• [ACTIVITY]:
Copy exactly the lines of the records below, starting at the line that contains "Benställning i metall Välj till H2, H3 & H4" and continuing through the last line, both included; omit any pictures.

• [DATA PROVIDED]:
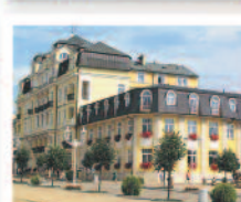
FRANTIŠKOVY LÁZNĚ Lázeňský dům Klášter*** www.frantiskovy-lazne.volareza.cz
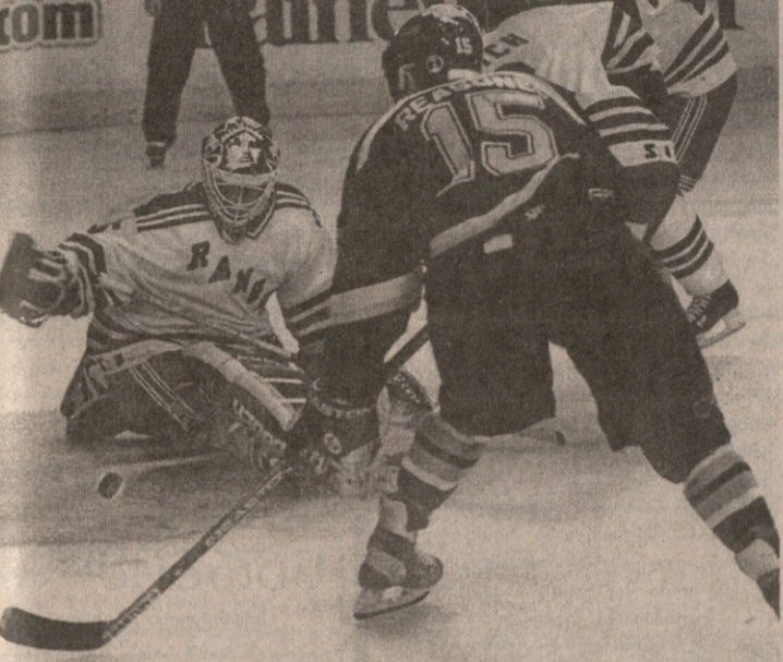
ნიუიორკელთა თავგზაბანული მეკარე მაიკ რისტერი სენტლუისელმა რუდი რიზონერმა (15) შეაწუხა

მაიხები: 0:1 მაკინისი 4'56 (1); 0:2 მაკინისი 11'49 (2); 0:3 მაკინისი 16'48 (3); 0:4 კორტნოლი 29'05 (1); 1:4 ლიხი 43'58 (1); 2:4 კარპოვევი 51'34 (1) სენტ ლუისის ისტორიაში ბრეტ ჰალი ელ მაკინისმა შეცვალა. საოცრად შედეგიანმა კეისტმა პირველივე პერიოდში შეუტია მასპინძელთა კარს და გამოკლდო მაცი ისტორიის ისე დააბნია, რომ ამან არათუ ახლო, შორი მანძილიდან დარტყმული შაბაც კუშა. სულ რაღაც 12 წუთში მაკინისმა პე-თორიტი შესარულა და მატჩის ბედიც დაწვეტა რეინჰარსის საქმე კი ისე ცუდად მიდის, ზედიზედ სამჯერ დამარცხებულ პერიოდებს საკუთარმა ქომაგებმა კი უსტიყენს. „მედისონ სკუერ გარდენს“ მხოლოდ მაშინ აღმოხდა სიხარულის ყიფინა, როდესაც დეიტონამ გამოაცხადა, მატჩის პერიოდული კეიტბურთელი დევიდ უელსი ესწრებაო.
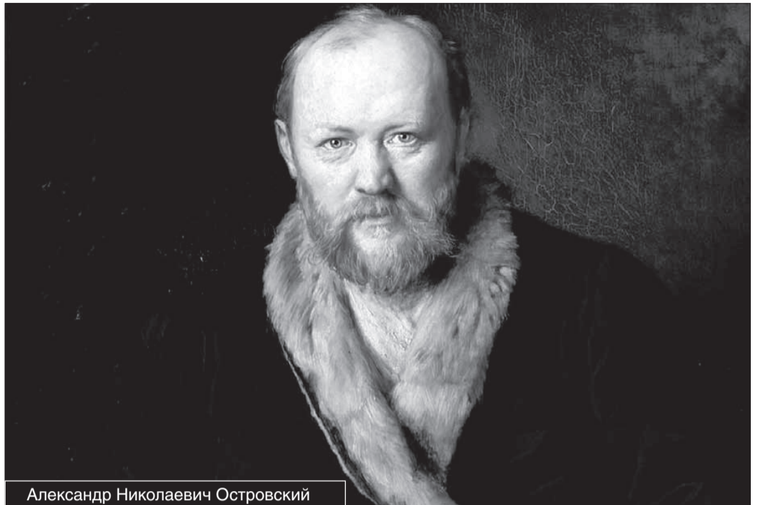
Александр Николаевич Островский

— Все лучшее тверское общество гуляло на набережной. Много красивых женских лиц, впрочем, половина подкрашены. Барышни-купчихи одеты по моде, большею частью в бархатных бурнусах, маменьки их в темных салопах и темных платьях и в яркорозовых платках на голове, заколотых стразовыми булавками, что неприятно режет глаза и совсем нейдет к их сморщенным старческим лицам, напоминающим ростопчинских бульдогов.
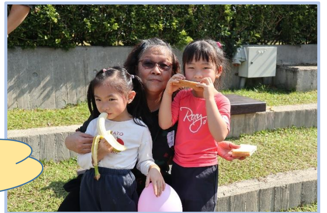
我們在玩「踩氣球」及在添馬公園野餐！
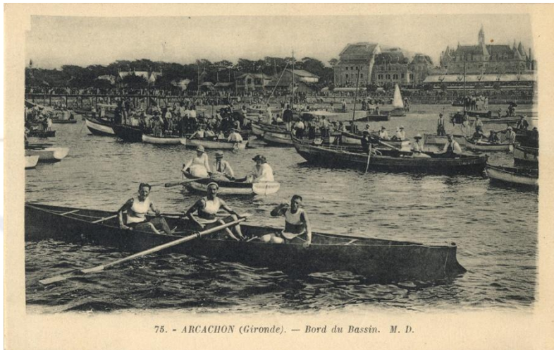
75. - ARCAÇON (Gironde). — Bord du Bassin. M. D.

Richesses paysagère et culturelle Patrimoine culturel Activités touristiques
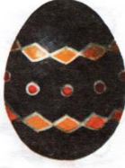
Деление в широтном направлении на несколько поясов
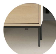
Benställning i metall Välj till H2, H3 & H4
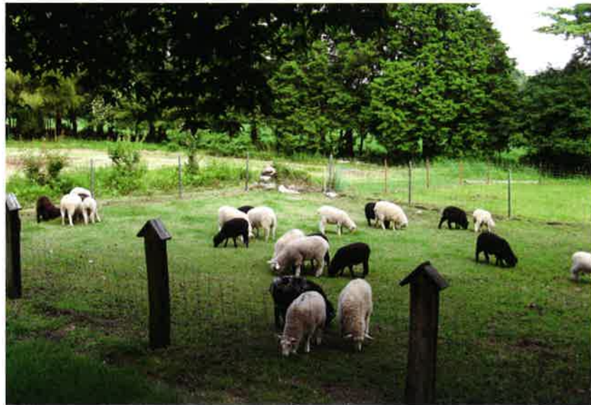
フライングシープ 牧場風景
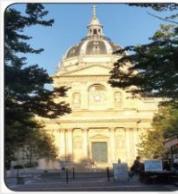
La Sorbonne السوربون
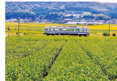
第3回 2010年 掛川市～湖西市 天浜線のある風景 (文化資源を際立たせる自然・産業景観)
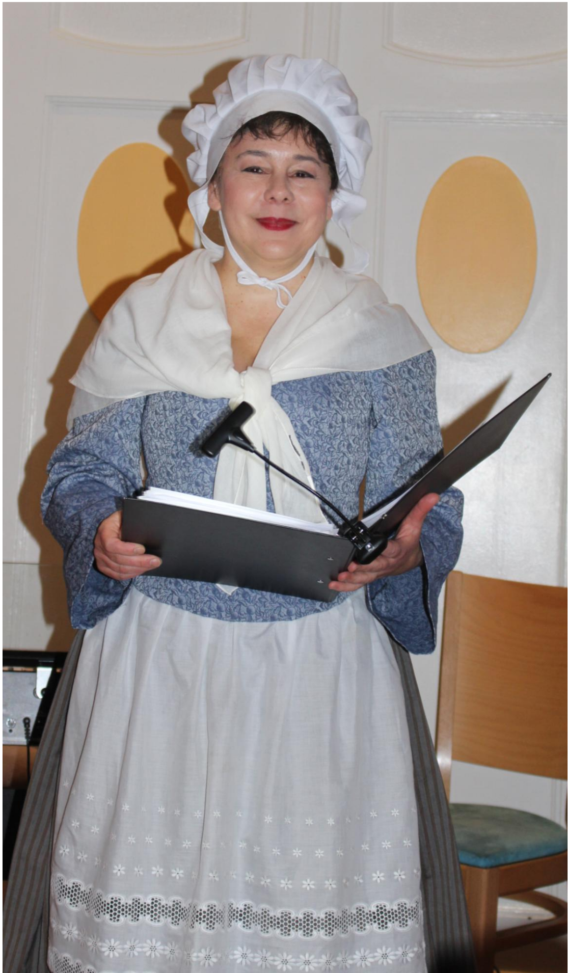
Auf Wiedersehen am 11. Februar 2018 – wer kann da widerstehen?
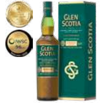
גלן סקוטיה ויקטוריאנה סינגל מאלט

תכולה: 700 מ"ל ברקוד: 5016840171218 אחוז אלכוהול: 46% גורם כפל: 6 כשר
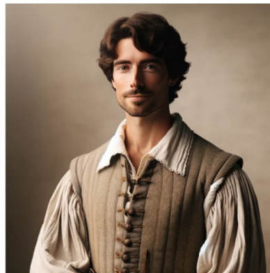
Portrait généré qui pourrait représenter Guillaume Couture, un homme de la Nouvelle-France du XVII e siècle. Il est habillé de vêtements de l'époque, ce qui illustre son statut de figure importante de cette période coloniale au Canada.

Guillaume Couture, menuisier et charpentier de métier, pose le pied en Nouvelle-France en 1637, en quête d'aventure et de nouvelles opportunités. Peu de temps après son arrivée, son savoir-faire et sa détermination le mènent à la mission de Sainte-Marie-au-Pays-des-Hurons. Là, il déploie ses compétences pour ériger cette importante mission jésuite, devenant ainsi un acteur clé dans la construction des premiers liens solides entre les colons et les peuples
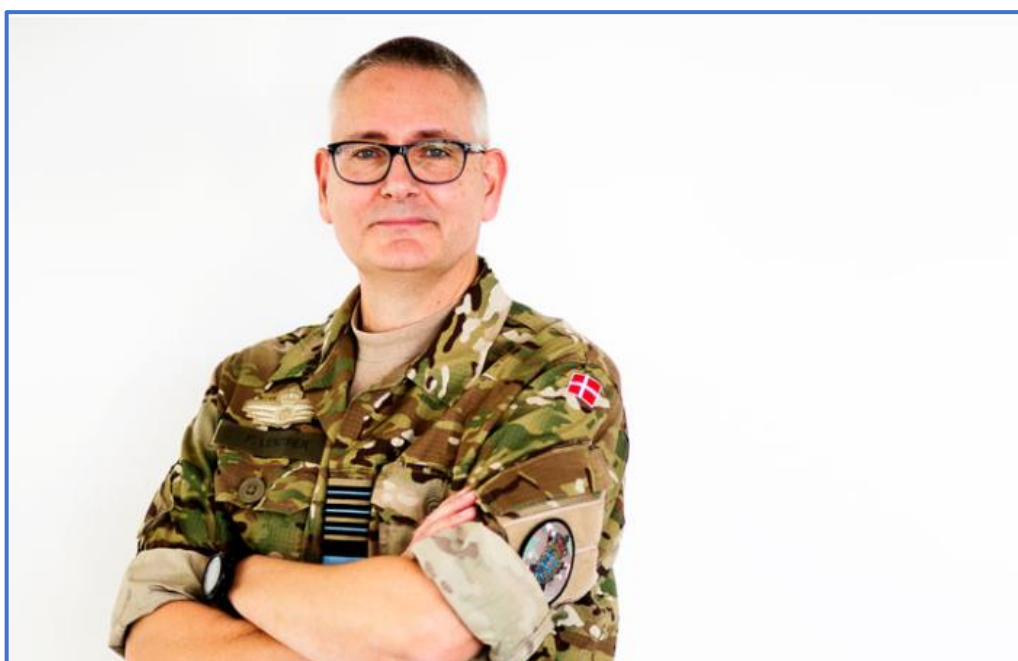
General Flemming Lentfer overtog jobbet som forsvarschef 1. december 2020
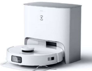
ロボット掃除機 DBX33-22 【ECOVACS】
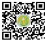
แบบคำขอมีบัตรประจำตัวพนักงานเจ้าหน้าที่ตาม พรบ. มาตรฐานสินค้าเกษตร พ.ศ. ๒๕๕๑
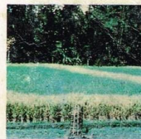
18. Tikus (Kerusakan)
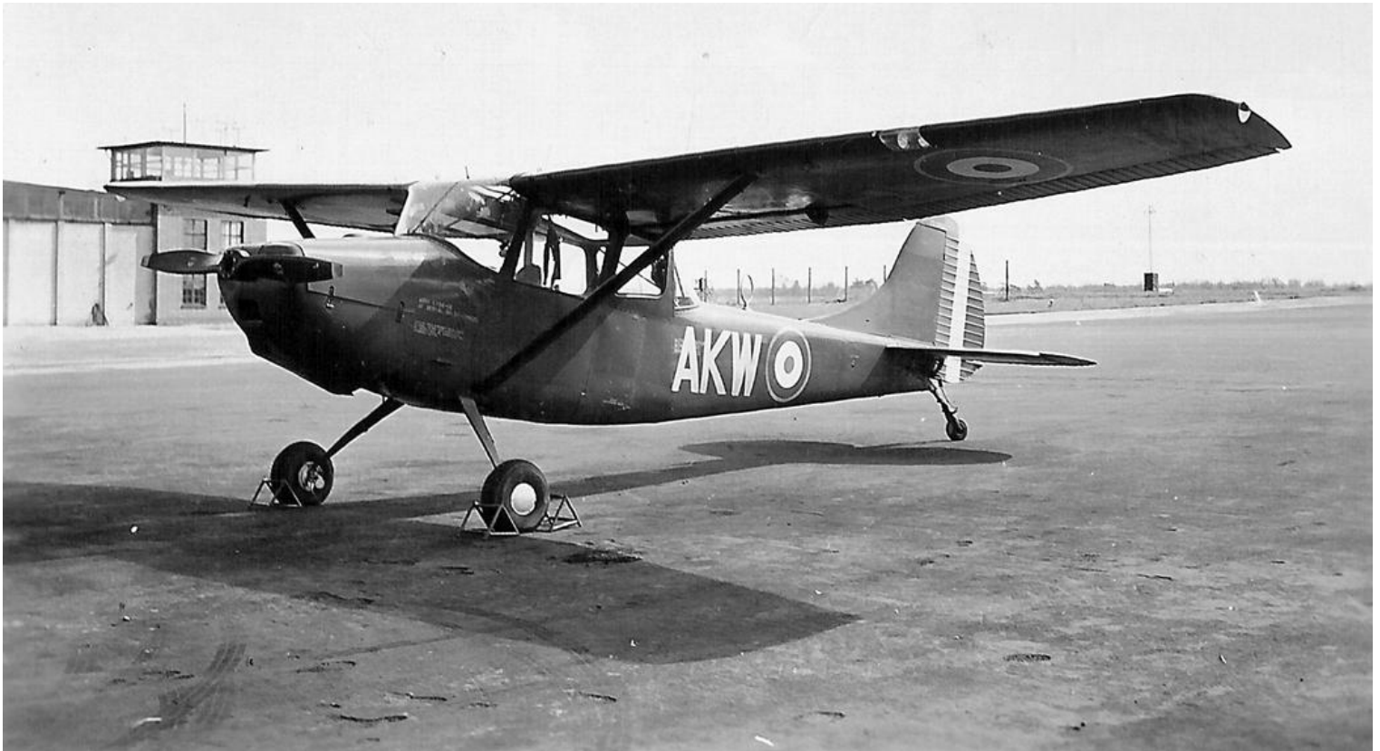
L-19A de l'ES.ALOA à Finthen.
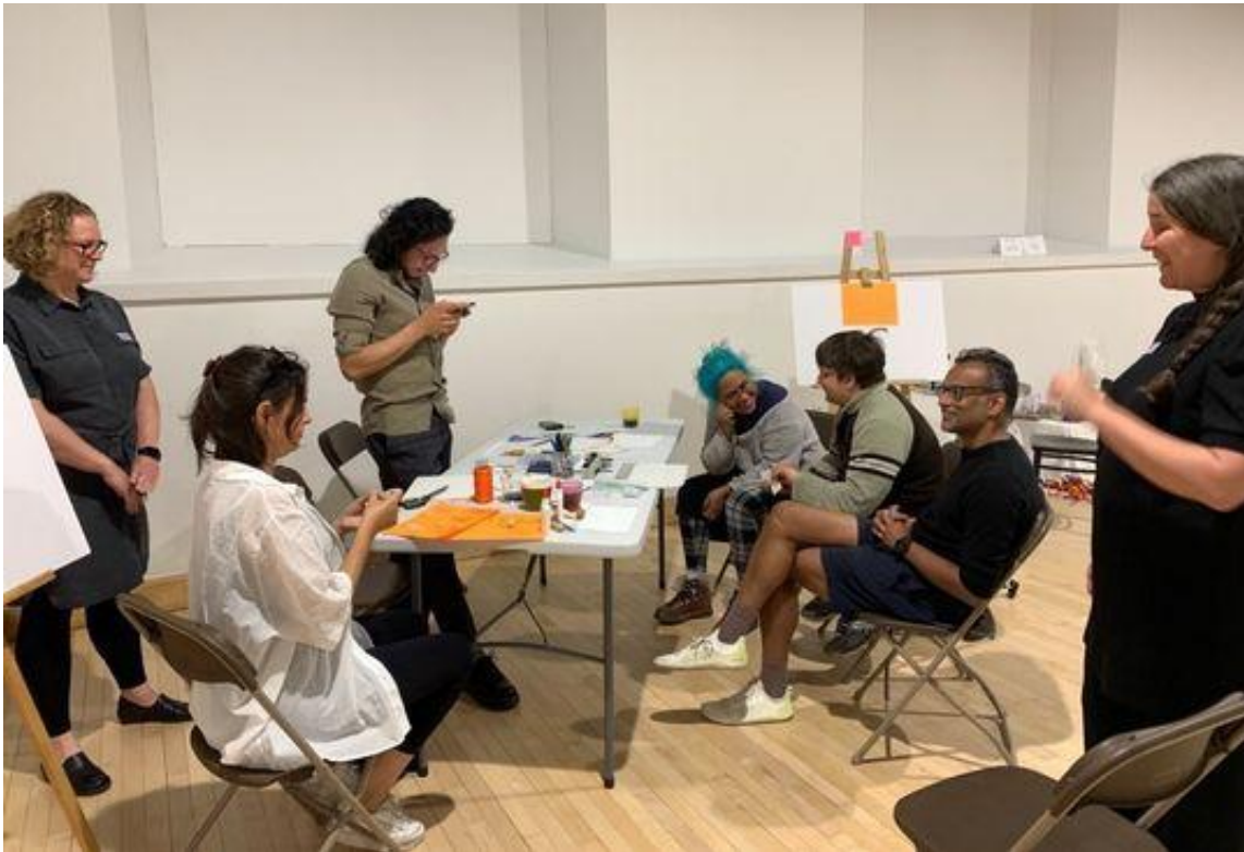
Braille Dessigné 01 : En atelier (Sept personnes partagent des conversations animées autour d'une table jonchée de papiers, de stylets, de dymo braille et d'ardoise braille.) @ M-A-I 26 Mai 2023 by Marie Achille
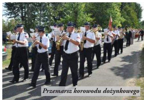
Przemarsz korowodu dożynkowego
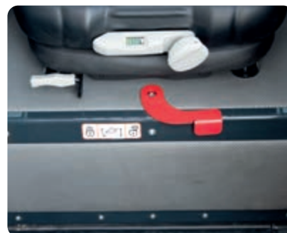
Blocage de sécurité des commandes de l'équipement de travail

• [ANSWER TO THIS EXERCISE]:
Benställning i metall Välj till H2, H3 & H4
フライングシープ 牧場風景
La Sorbonne السوربون
第3回 2010年 掛川市～湖西市 天浜線のある風景 (文化資源を際立たせる自然・産業景観)
Auf Wiedersehen am 11. Februar 2018 – wer kann da widerstehen?
גלן סקוטיה ויקטוריאנה סינגל מאלט

תכולה: 700 מ"ל ברקוד: 5016840171218 אחוז אלכוהול: 46% גורם כפל: 6 כשר
Portrait généré qui pourrait représenter Guillaume Couture, un homme de la Nouvelle-France du XVII e siècle. Il est habillé de vêtements de l'époque, ce qui illustre son statut de figure importante de cette période coloniale au Canada.

Guillaume Couture, menuisier et charpentier de métier, pose le pied en Nouvelle-France en 1637, en quête d'aventure et de nouvelles opportunités. Peu de temps après son arrivée, son savoir-faire et sa détermination le mènent à la mission de Sainte-Marie-au-Pays-des-Hurons. Là, il déploie ses compétences pour ériger cette importante mission jésuite, devenant ainsi un acteur clé dans la construction des premiers liens solides entre les colons et les peuples
General Flemming Lentfer overtog jobbet som forsvarschef 1. december 2020
ロボット掃除機 DBX33-22 【ECOVACS】
แบบคำขอมีบัตรประจำตัวพนักงานเจ้าหน้าที่ตาม พรบ. มาตรฐานสินค้าเกษตร พ.ศ. ๒๕๕๑
18. Tikus (Kerusakan)
L-19A de l'ES.ALOA à Finthen.
Braille Dessigné 01 : En atelier (Sept personnes partagent des conversations animées autour d'une table jonchée de papiers, de stylets, de dymo braille et d'ardoise braille.) @ M-A-I 26 Mai 2023 by Marie Achille
Przemarsz korowodu dożynkowego
Blocage de sécurité des commandes de l'équipement de travail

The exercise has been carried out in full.